The Most Perfect Thing
- Author: Tim Birkhead
- Language: English
- Genre: Popular science
- Publisher: Bloomsbury Publishing
- Publication date: 2016 (hardback) 2017 (paperback) 2018 (Chinese edition, 世界上最完美的物件 : 鳥蛋)
- Media type: Print
- ISBN: 978-1632863690
- OCLC: 946067741

= The Most Perfect Thing =

2016 book by Tim Birkhead

The Most Perfect Thing: Inside (and Outside) a Bird's Egg is a popular science book by Tim Birkhead. It was first published in 2016, and was shortlisted for the Royal Society Science Book Prize. It was awarded the 2016 Zoological Society Award for Communicating Zoology.
== Background ==

In the preface, Birkhead relates that the genesis of the book lay in a mistake by a television presenter, who incorrectly explained the reason for the pyriform (pointed) shape of a guillemot egg, by spinning a blown egg and showing that it rotated on the spot and did not roll. Birkhead, who had been studying guillemots for forty years, knew this to be a long-debunked myth, but when looking at scientific papers to send to the presenter, Birkhead realised the science was not as clear cut as he had thought. His reinvestigation of the science of guillemot eggs led to both further research on bird egg shape and to this book.

The book takes its title from a quote by the American abolitionist Thomas Wentworth Higginson, who wrote in 1862, "I think that, if required on pain of death to name instantly the most perfect thing in the universe, I should risk my fate on a bird's egg."

== Contents ==
The first chapter, Climmers and collectors, focuses on the commercial harvesting of guillemot eggs from the seabird colonies at Bempton Cliffs, in Yorkshire. This activity peaked in the 1930s, with the act of collection itself becoming a tourist attraction. Chapters 2 and 3 outline how an egg is created and shaped. Chapters 4 and 5 deal with pigmentation, and why bird eggs are coloured. In Chapters 6 and 7, Birkhead describes the albumen and yolk, and in Chapter 8, the laying and hatching processes.

== Reception ==

The book received a number of positive reviews. A review in The Auk said the book "excels especially in its stories (including those egg-collecting yarns), Dr. Birkhead's own observations and impromptu tests, cameos by devoted egg curators and sharp field biologists, and various tangents ranging from viper semelparity to women incubating eggs in their cleavage". In The Spectator, Horatio Clare said "anyone drawn to the natural sciences will relish it". In The Observer, Alex Preston wrote "Birkhead's approach to writing – hard, clear sentences; deep, revelatory looking – has the same effect as his powerful microscope, bringing objects to light that were previously hidden, making us see the familiar with new eyes".

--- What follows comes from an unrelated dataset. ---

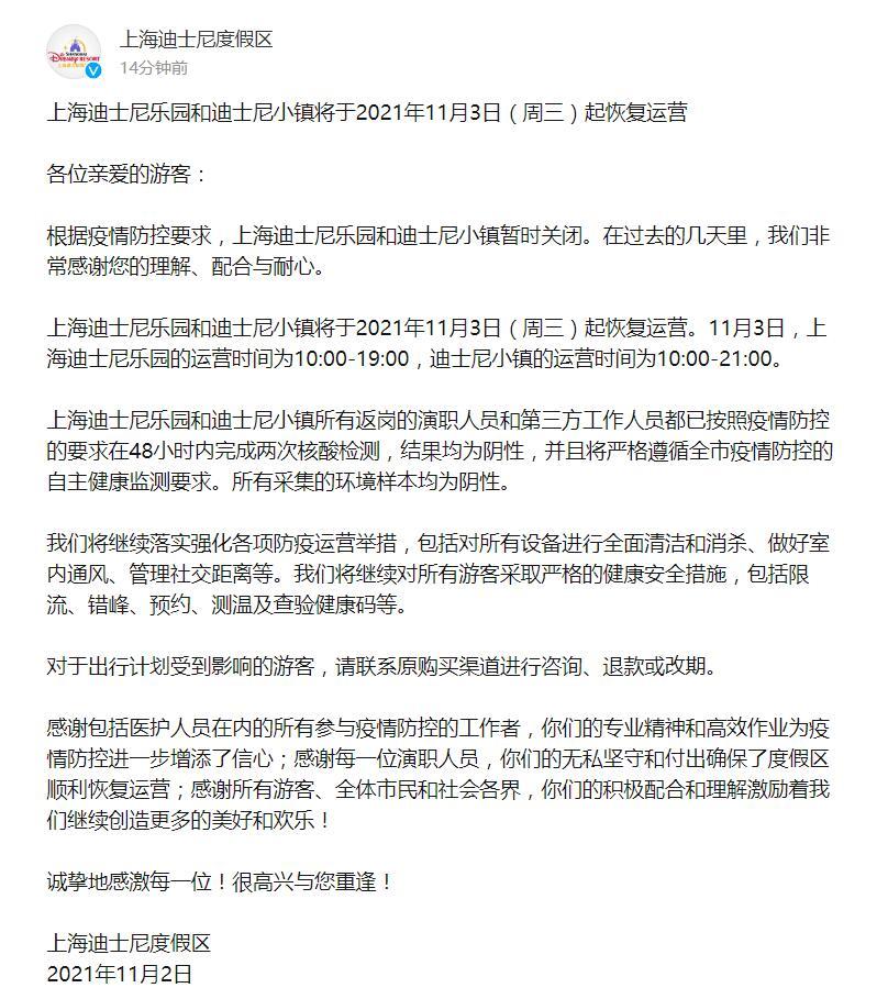 人民网上海11月2日电 (葛俊俊)上海迪士尼度假区刚刚发布通告:上海迪士尼乐园和迪士尼小镇将于2021年11月3日(周三)起恢复运营。

The book inspired the 2018 BBC documentary Attenborough's Wonder of Eggs, featuring Birkhead and David Attenborough, and produced by Mike Birkhead.

== Awards and recognition ==
In 2016 The Most Perfect Thing was shortlisted for the Royal Society's Science Book Prize. It was also listed on the Forbes list of twelve best books about birds or birding for 2016. The book was awarded the 2016 Zoological Society of London's Award for Communicating Zoology.